Aim of the exercise. Extract the run of lines that starts at the top of the records below and ends at the line with "進(jìn)入QQ第三方登錄", keeping both ends and excluding pictures.

[Extracted records]
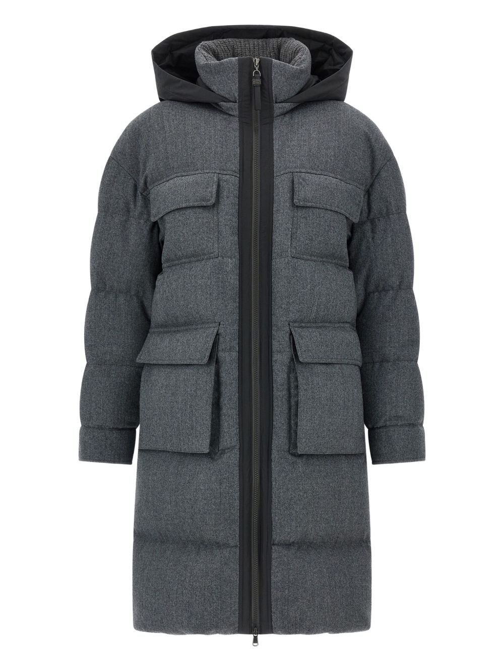 wool down quilted coat Highlights - Grey - Quilted design - Water repellent treatment - Removable hood - Standing collar - Zip closure - Side zip slits Made in Italy Composition Outer: Virgin Wool 100% Lining: Nylon 100%, Goose Down 100% Washing instructions Read Manufacturer Guidelines
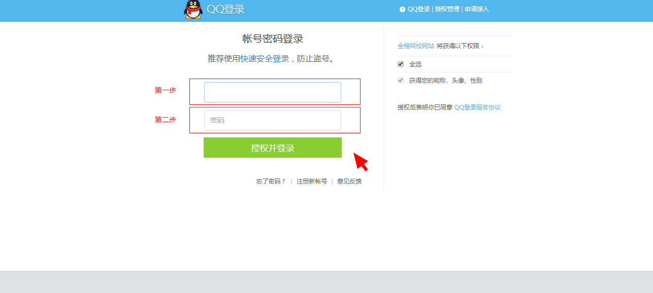 進(jìn)入QQ第三方登錄頁(yè)面,第一步:輸入QQ賬號(hào),第二步輸入QQ賬號(hào)密碼,點(diǎn)擊授權(quán)并登錄,即成功登錄金程網(wǎng)校。
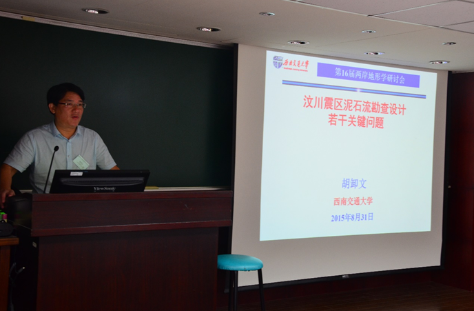 Prof. Hu has made an academic report entitled "Several key issues in debris flow exploration and design in the Wenchuan earthquake area", which is based on the characteristics and harmfulness of the major debris flow disaster since the 2008 5.12 mega-earthquakes in Wenchuan, Sichuan Province. Combined with the effect of controlling debris flow disaster in the earthquake, the report systematically summarized the methods of estimating the size of loose objects, the rationality of blocking coefficients and the corresponding flow rate, and the engineering design concepts in the process of debris flow exploration and design in the earthquake zone. The academic report was concerned by scholars from Taiwan University and Taiwan Normal University. Combined with the Lan Yangxi "Soudilleux" typhoon-induced large-type debris flow disaster in Yilan County, Taiwan (August 8, 2015), particularly, it was discussed extensively on how to scientifically design and effectively manage debris flow control project.
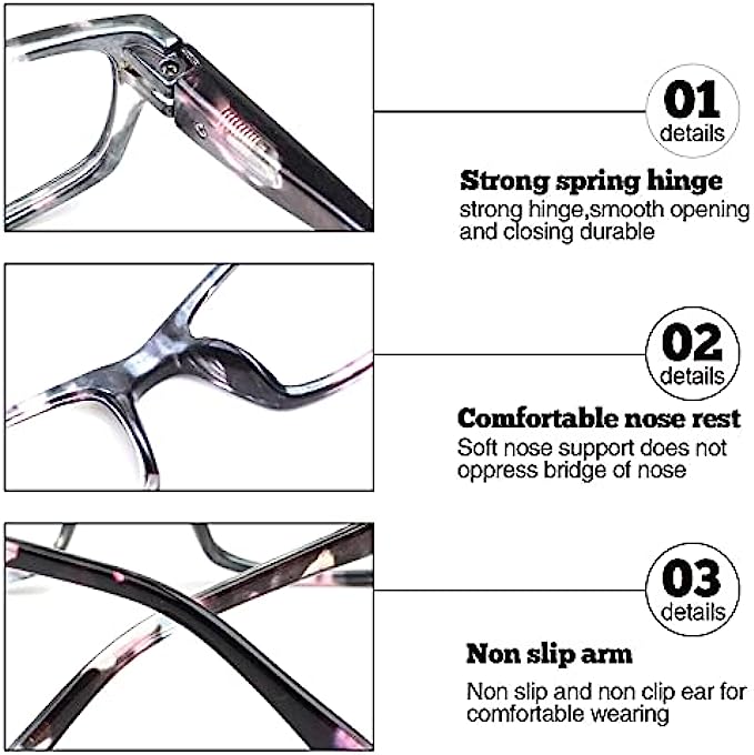 • 【5 pairs Computer Readers for Women】:5 pack Included in a Set (Comes with a cloth bag and cleaning cloth), you can place a set of glasses where you need to read, which is convenient for daily use or which can be a exquisite gift sending to your families and friends.
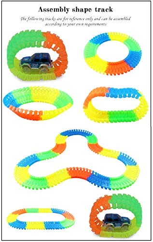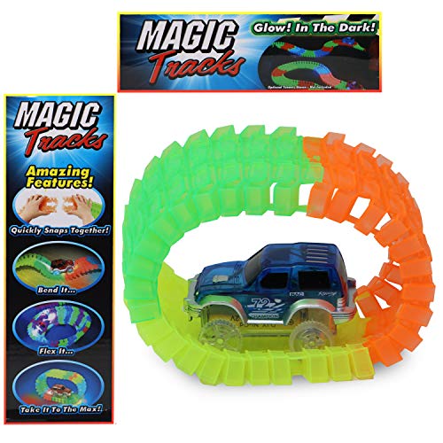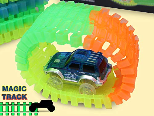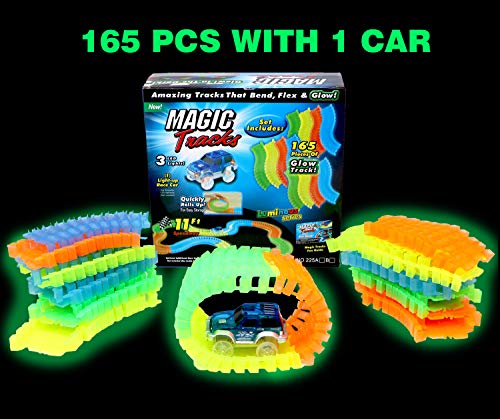The neon tracks glow in the dark! Race car has 5 built-in LED lights that glow as they speed around the track. Turn off the lights and Wow! It Glows Like Magic.The easy-to-put-together format enables young racing fans to get creative and construct their perfect speedway track in secondsWith 165 pieces of track and racing car with flashing LED lights, playtime will surely be a blast! Track pieces easily snap into place. Once configured, bend and flex the track into hundreds of different shapes.
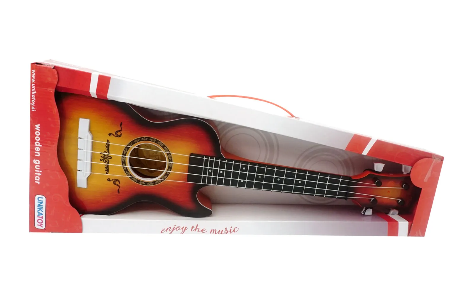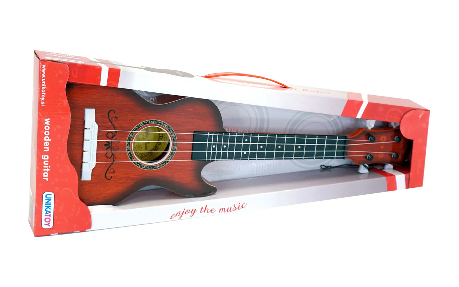 Sviraj na klasičnoj gitari koja ima 4 žice. Na izboru su tri različite boje veličine 57 cm. Da bi igra bila još zabavnija, možeš uz to i pjevati. Za djecu od 3. godine starosti nadalje.
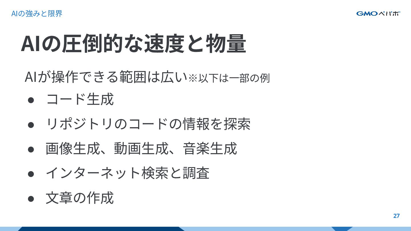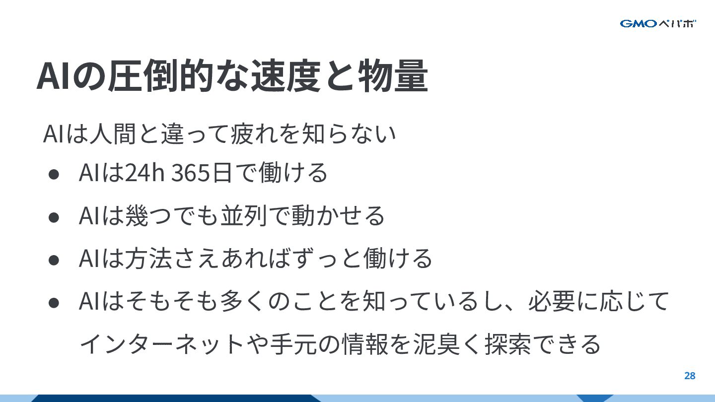 27 AIの圧倒的な速度と物量 AIが操作できる範囲は広い※以下は⼀部の例 • コード⽣成 • リポジトリのコードの情報を探索 • 画像⽣成、動画⽣成、⾳楽⽣成 •
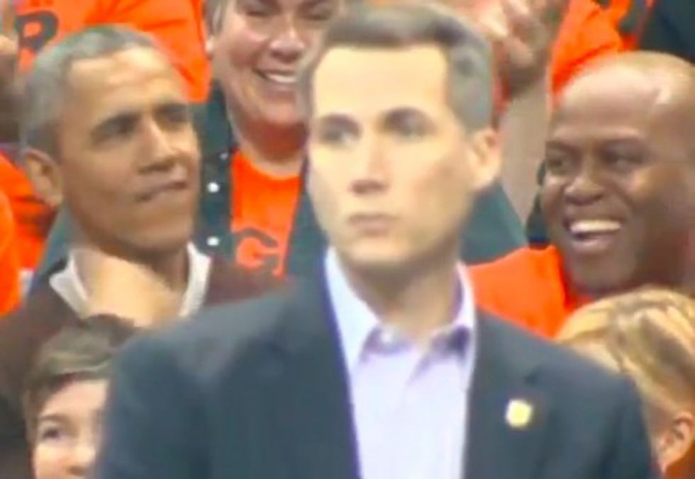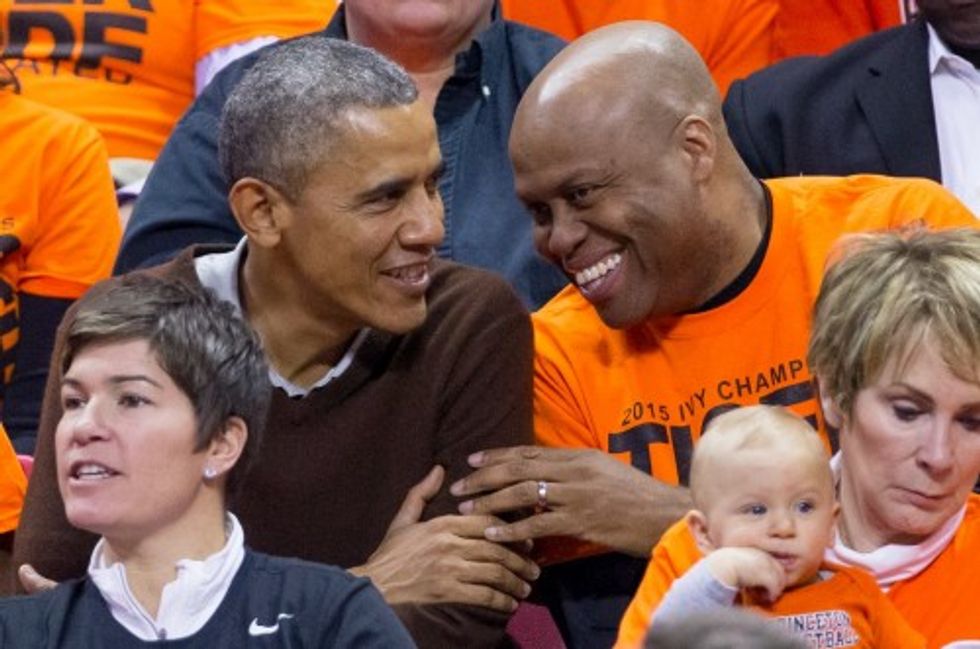 — Zeke Miller (@ZekeJMiller) March 21, 2015AND the Princeton student section just got a "4 MORE YEARS!!! 4 MORE YEARS!!!" chant going for Obama. Not legal but...he enjoyed

Answer area.
 wool down quilted coat Highlights - Grey - Quilted design - Water repellent treatment - Removable hood - Standing collar - Zip closure - Side zip slits Made in Italy Composition Outer: Virgin Wool 100% Lining: Nylon 100%, Goose Down 100% Washing instructions Read Manufacturer Guidelines
 進(jìn)入QQ第三方登錄頁(yè)面,第一步:輸入QQ賬號(hào),第二步輸入QQ賬號(hào)密碼,點(diǎn)擊授權(quán)并登錄,即成功登錄金程網(wǎng)校。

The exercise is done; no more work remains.